PRU-Firmware

Main Documentation: https://nes-lab.github.io/shepherd

Source Code: https://github.com/nes-lab/shepherd/tree/main/software/firmware


The directory currently contains:

  • shepherd-firmware (pru0 & pru1) for emulation & harvest

  • programmer swd (pru0)

  • programmer sbw (pru0)

Compiling can be done with GCC or CGT, but GCC is experimental for now. The makefile supports the following targets:

  • clean,

  • all,

  • install.

The makefile will decide which compiler to use depending on the env-variables defined. CGT will always be the fallback if PRU_CGT is not defined.

General use:

cd shepherd/software/firmware/pru0-shepherd-fw
make clean
make
sudo make install

Generate the two programmers (SWD is default):

cd shepherd/software/firmware/pru0-programmer
make clean
make
# equals 'make TYPE=SWD'

make TYPE=SBW
sudo make install

Debug via GPIO

The firmwares use GPIO to signal their states. Additionally, the Chip-Select of PRU0 is helpful.

  • Pru0 debug pin0 = P8_12, pin1 = P8_11

  • Pru1 debug pin0 = P8_28, pin1 = P8_30

  • Pru0 spi-cs = P9_25 (ADCs)

Init-Routine

Debug PRU0-Init

  • GPIO.b11, init all states, ~ 800 ns

  • GPIO.b00, init msg_sys, unblock PRU1, (reset-marker), send-status, init buffers, ~ 450 ns

  • GPIO.b11, sample_init, ~ 20 us

    • 4x toggle of GPIO1

  • GPIO.b00, idle -> enter sample-loop, ~ 400 ns

  • long 50 ms wait, then normal looping?

Note: during restart of kernel module, Pru0 seems to boot ~ 60 ms earlier than Pru1

Debug PRU1-Init

  • GPIO.b11, small init + wait for pru0 (Sync PRUs), ~ 180 ns

  • GPIO.b00, init msg_sys, ~ 140 ns

  • (reset-marker)

  • GPIO.b01, send status, ~ 310 ns

  • GPIO.b10, (re)init IEP, ~ 800 ns

  • (begin of event_loop)

  • GPIO.b00, init event-loop, ~ 520 ns

  • GPIO.b01, wait for kernels sync-reset, ~ 114 ms (with 10 ms wait of kernel after loading fw)

  • GPIO.b10, wait for first interrupt from linux host, < 100 ms

  • GPIO.b00, start central-loop

  • (exit of event loop)

Debug PRU0-MainLoop

  • ADC-CS 100 ns Low -> Start of 10 us Frame

  • GPIO.0 buffer-cycle (toggle every 0.1s)

    • initial Frame0 shows up with a ~ 220 ns high

  • GPIO.1 high -> sample-routine (read, calc, output)

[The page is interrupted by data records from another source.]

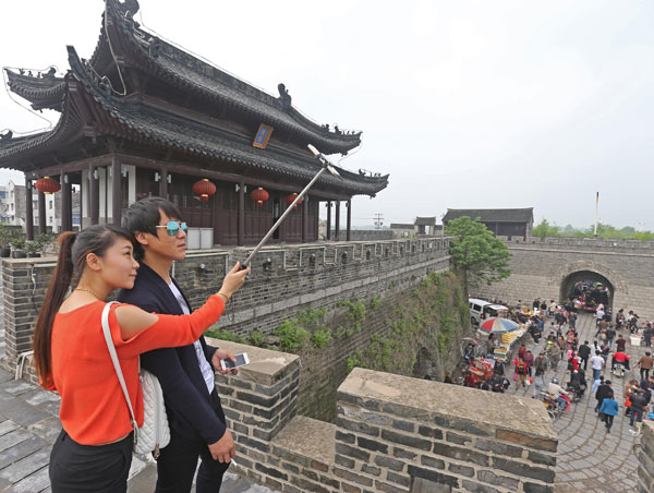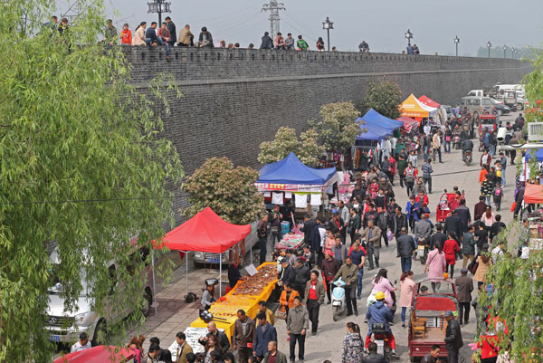 4月21日,农历三月十五日,是寿县古城一年一度的庙会文化节,是集道教文化、民俗文化、商贸文化、民间工艺文化、饮食文化和现代文化为一体的皖中地区著名的传统庙会。当日,天气晴朗,山上山下,人头攒动。庙台上下,热闹非凡。县城内外主街道、主干道两侧,商贾云集、货物齐全,来自四面八方的游客在四顶山敬香祈福,在古城购物游玩,感受浓郁的民俗文化。
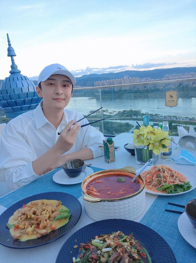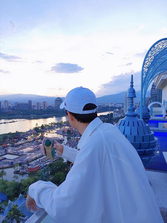 酒店17楼还有个巨美的露台餐厅,如果你和我一样懒得在网红店排队,又想拥有好的美食体验,那我真的非常推荐这里。我们大概下午6点左右到餐厅,选择了坐在靠澜沧江的一边,可以俯瞰到整个星光夜市和湄公河六国水上市场。风景满分!
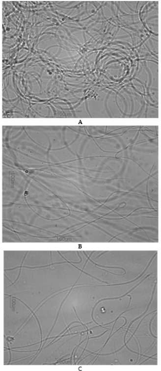 The mean spermatozoa vigor value was 4 points, and this intensity of spermatozoa movements is characterized within a score from 1 to 5. To perform this evaluation, we used different semen dilutions for a 100-fold magnification, being 0% dilution, 50% and 60% diluted in 0.9% saline (Figure 2).
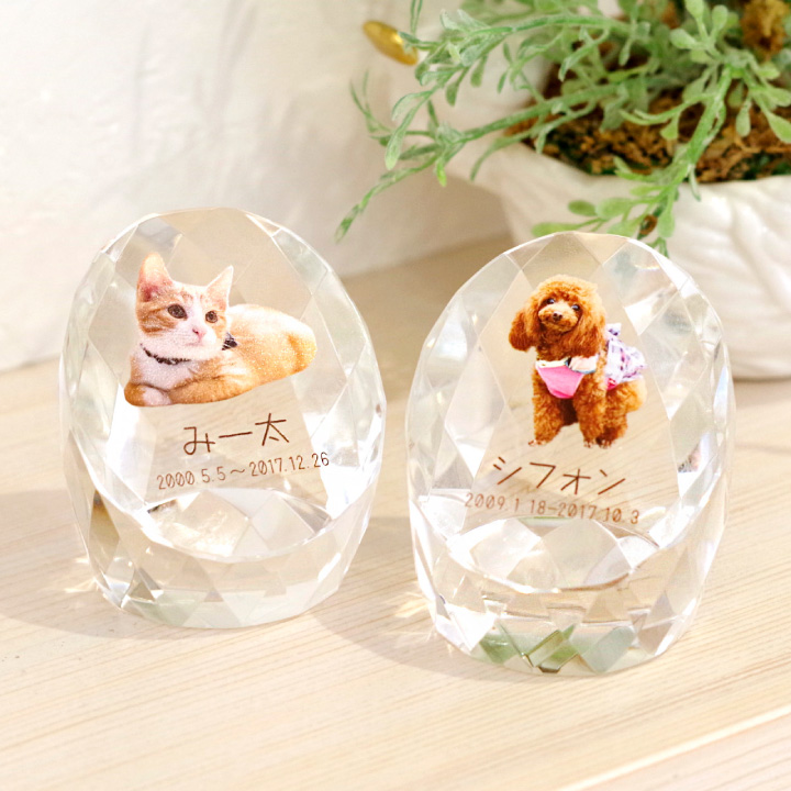 きらきら輝くカットが綺麗なクリスタルの位牌です。お写真とお名前、没年月日もお入れできます。
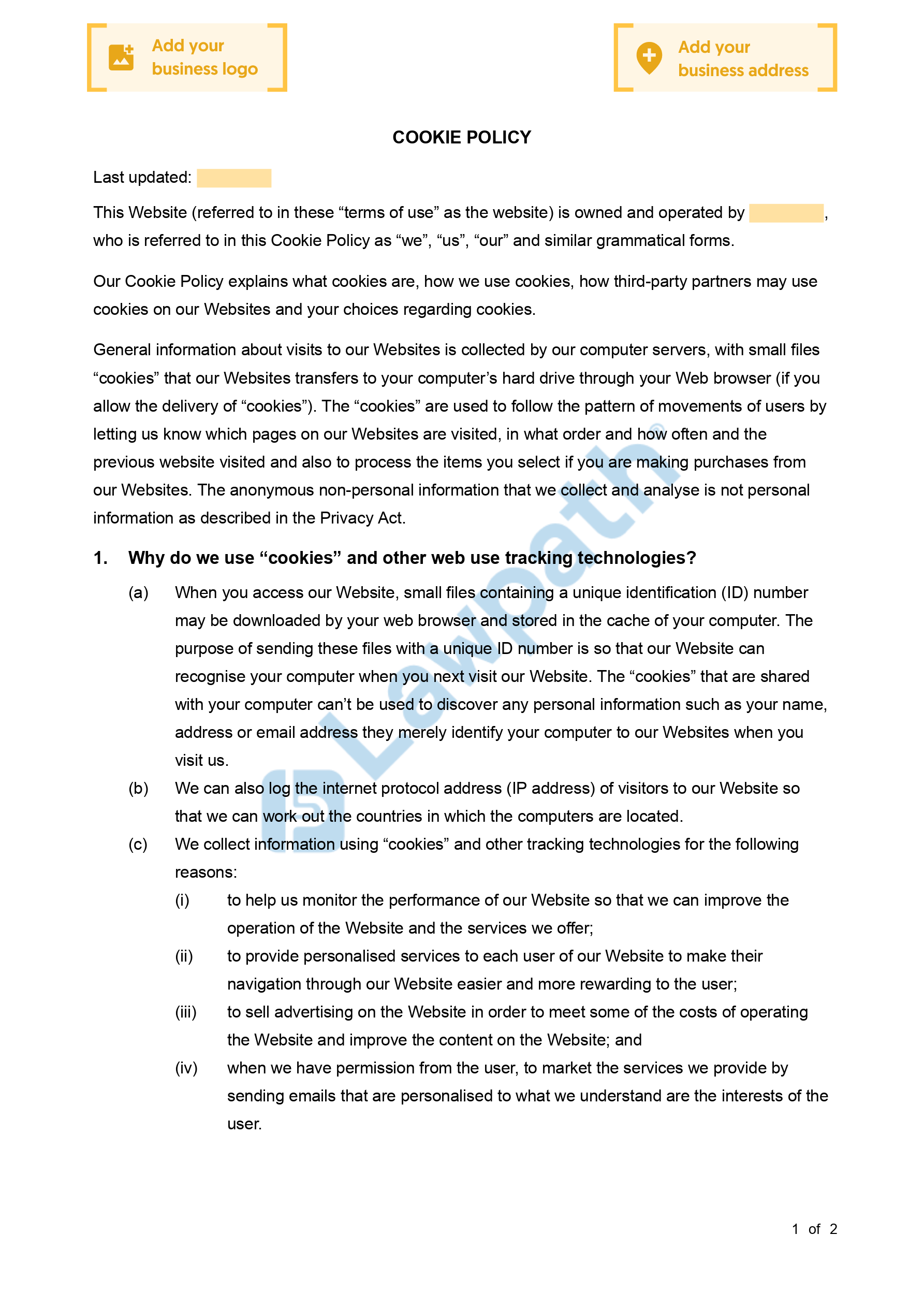 Cookies are small data files which are downloaded onto a computer when a website is visited for the first time. Many website owners choose to incorporate the cookie policy as a section of their privacy policy. You can also leave your website cookie policy as a stand-alone section. This document is drafted to be compliant with Australian legislation. Therefore, this document may not be compliant with the EU General Data Protection Regulation (GDPR).
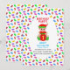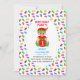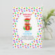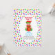 Elfe mignon tenant une boîte cadeau et des friandises d'ours multicolores Invitation pour le premier anniversaire de bébé. Textes et numéros prêts à être personnalisés pour tous les âges des enfants !
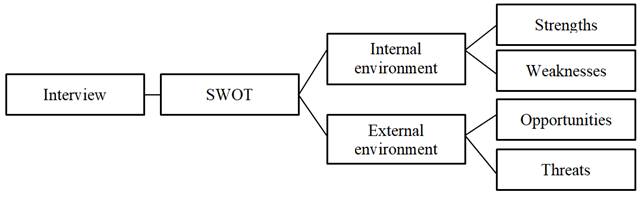 Then, the SWOT analysis was performed, which stands for: Strengths, Weaknesses, Opportunities and Threats (Sousa et al., 2019). It was run in accordance with the internal and external environments (Figure 1).

  • GPIO.1 low -> update counter & indizes

  • GPIO.1 high -> kernel-com-check

  • GPIO.1 low -> wait for IEP (start of loop)

Benchmark Legacy Capacitor

  • 430 ns ADC-trigger & maintenance

  • 7.2 us Sample-Routine

  • 160 ns update counters

  • 140 ns kernel-com

  • 2.1 us spare-time

Benchmark KiBam

  • 8.4 us Sample-Routine

  • 680 ns spare-time

Install CGT

  • corresponding ansible-playbook -> shepherd/deploy/roles/sheep/task/toolchain_pru_ti.yml

  • install CGT

  • clone PSSP

    • make sure to use v5.9.0

    • Note: >= v6.0.0 is reserved for kernel >=5.10 and needs a intc_map.h

  • setup env-variables, like below

# Desktop Linux
export PRU_CGT=/path/to/pru/code/gen/tools/ti-cgt-pru_#Version
export PRU_CGT_SUPPORT=/path/to/ti/pru-software-support-package-#Version
# Windows
set PRU_CGT=C:/path/to/pru/code/gen/tools/ti-cgt-pru_#Version
set PRU_CGT_SUPPORT=C:/path/to/ti/pru-software-support-package-#Version
# ARM Linux
export PRU_CGT=/usr/share/ti/cgt-pru
export PRU_CGT_SUPPORT=/usr/share/ti/pru-software-support-package

Install GCC-Port

  • corresponding ansible-playbook -> shepherd/deploy/roles/sheep/task/toolchain_pru_gcc.yml

  • install the cross toolchain from gnupru

  • install the PRU software support packages from pssp

    • checkout branch linux-4.19-rproc

  • setup env variables, like below

# ARM Linux
export PRU_CGT=/usr/share/shepherd-tools/cgt-pru
export PRU_CGT_SUPPORT=/usr/share/shepherd-tools/pru-software-support-package

Differences CGT vs GCC

Challenges while porting firmware to also be compatible with GCC.

Assembly (solved)

  • file-ending is different

    • CGT: .asm

    • GCC: .s

  • setting assembly-constants differs from ti compiler (CGT)

    • CGT: VAR .set value

    • GCC: .equ VAR, value

  • fix is to use +x with gcc

    • encapsulation -x assembler SRCASM -x none when loading the asm-sources into the compiler

Multiplication (solved)

  • pru can only multiply with register-magic

  • current code may use loops instead of this magic

  • ~~we probably need an asm-version for mul32()~~ (with overflow safety, like the c-version)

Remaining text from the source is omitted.